Identify potential stockouts before they happen by conducting routine audits to track stock movement and control inventory. While setting up automated alerts for low stock levels can avoid stockouts, considering these Key Performance Indicators (KPIs) is vital:
- The inventory turnover ratio measures how often the inventory is sold and replaced and identifies slow-moving items.
- Days on Hand (DOH) is the average number of days to sell an inventory, helping assess liquidity.
- The sell-through rate is the percentage of inventory received from suppliers and bought by customers.
- The backorder rate is the percentage of orders that can’t be fulfilled due to stockouts.
- Carrying costs measure the amount spent on holding inventory, including storage, insurance, and opportunity costs.
3. Maintain safety stock as a contingency buffer.
A buffer inventory is a safeguard against unexpected demand spikes or supplier delays. Carefully calculate the safety stock based on past demand patterns and supplier lead times. This is the most common formula for balancing holding costs and reliability:
Safety Stock = (Maximum daily sales * Maximum lead time) – (Average Daily Sales * Average Lead Time)
4. Strengthen supplier relationships for reliable replenishment.
Reduce the risk of supply chain disruptions and delayed restocking during high-demand periods by fostering a good relationship with suppliers. Here are some best practices under this step to prevent stockouts:
- Establish clear lead time agreements and emergency supply plans.
- Use vendor performance tracking solutions to evaluate efficiency and reliability.
- Minimize dependency on a single source by diversifying suppliers.
5. Optimize inventory management systems for efficiency.
Streamline inventory operations to increase efficiency and minimize human errors. Utilizing inventory management systems or Enterprise Resource Planning (ERP) solutions will automate relevant processes. These tried and tested inventory techniques can also help:
- ABC analysis categorizes inventory based on value and consumption, where A is high-value and fast-moving, B is moderate, and C is low-value and slow-moving.
- FIFO (First In, First Out) is crucial for perishable goods or items that can become obsolete.
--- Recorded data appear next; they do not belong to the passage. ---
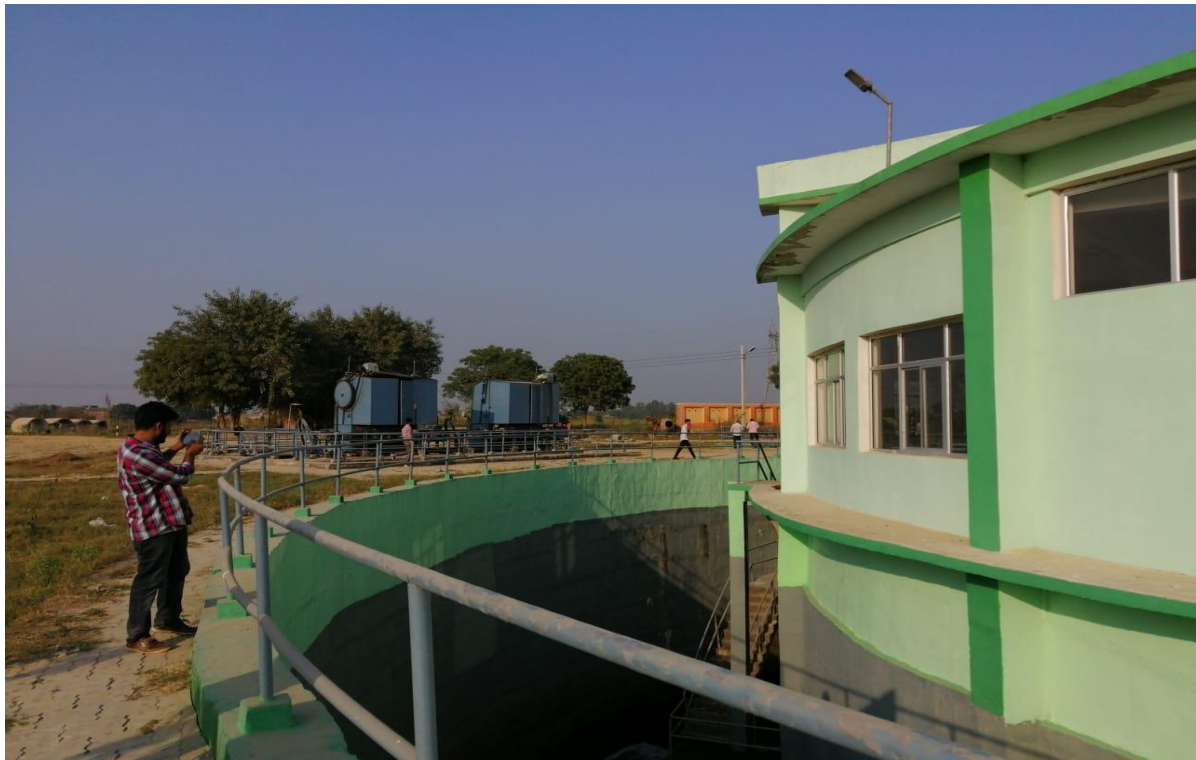
Field visit to UASB Based Wastewater Treatment plant- Sump cum collection well / SPS at Bingawan, Kanpur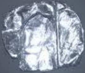
Metallic Luster (Molybdenite)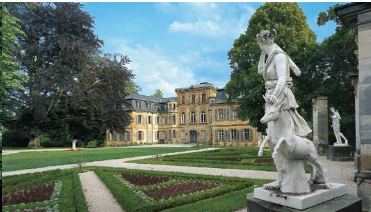
Fantaisie Palace with sculptures from the mixed style epoch

subject to decay. All these park buildings were probably the inspiration of the highly educated and artistic Margravine Wilhelmine.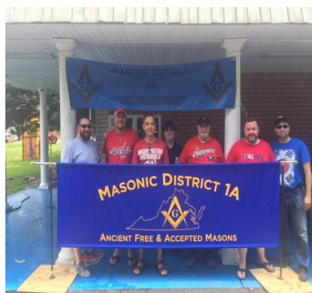
Picnic Committee with 1A&54 banners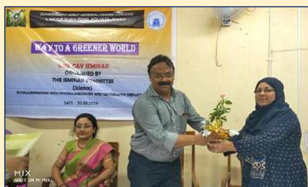
Felicitation of the Guests by the Principal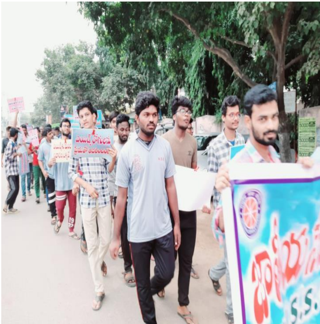
(students participating in the rally)

- EOQ (Economic Order Quantity) calculates the optimal order size to minimize total inventory costs, helping businesses find the sweet spot between placing frequent small orders and large sporadic purchases.
6. Use Just-in-Time (JIT) inventory strategies carefully.
Considered one of the most effective inventory management techniques, JIT inventory management reduces excess inventory while ensuring stock availability when needed. This should only be applied in the following cases:
- Industries with perishable goods or short product life cycles (e.g., food and beverage, tech, etc.)
- Industries with predictable demand and reliable suppliers (e.g., automotive and electronics)
- Businesses with limited storage space, such as small retailers and construction sites
- Companies focused on lean manufacturing and waste reduction
- Businesses with strong supplier relationships and efficient logistics
7. Leverage advanced technology for supply chain optimization.
Optimizing the supply chain enhances decision-making, reduces manual efforts, and improves overall efficiency. These are some must-haves in the company’s tech stack:
- AI and machine learning for predictive analytics reduce guesswork in forecasting and resource allocation across the supply chain.
- Radio-Frequency Identification (RFID), Internet of Things (IoT), and blockchain increase end-to-end visibility, helping businesses pinpoint bottlenecks, prevent theft or counterfeiting, and quickly respond to disruptions.
- Warehouse automation (e.g., robots for packing and shipping, guided vehicles) speeds up order fulfillment and optimizes warehouse space.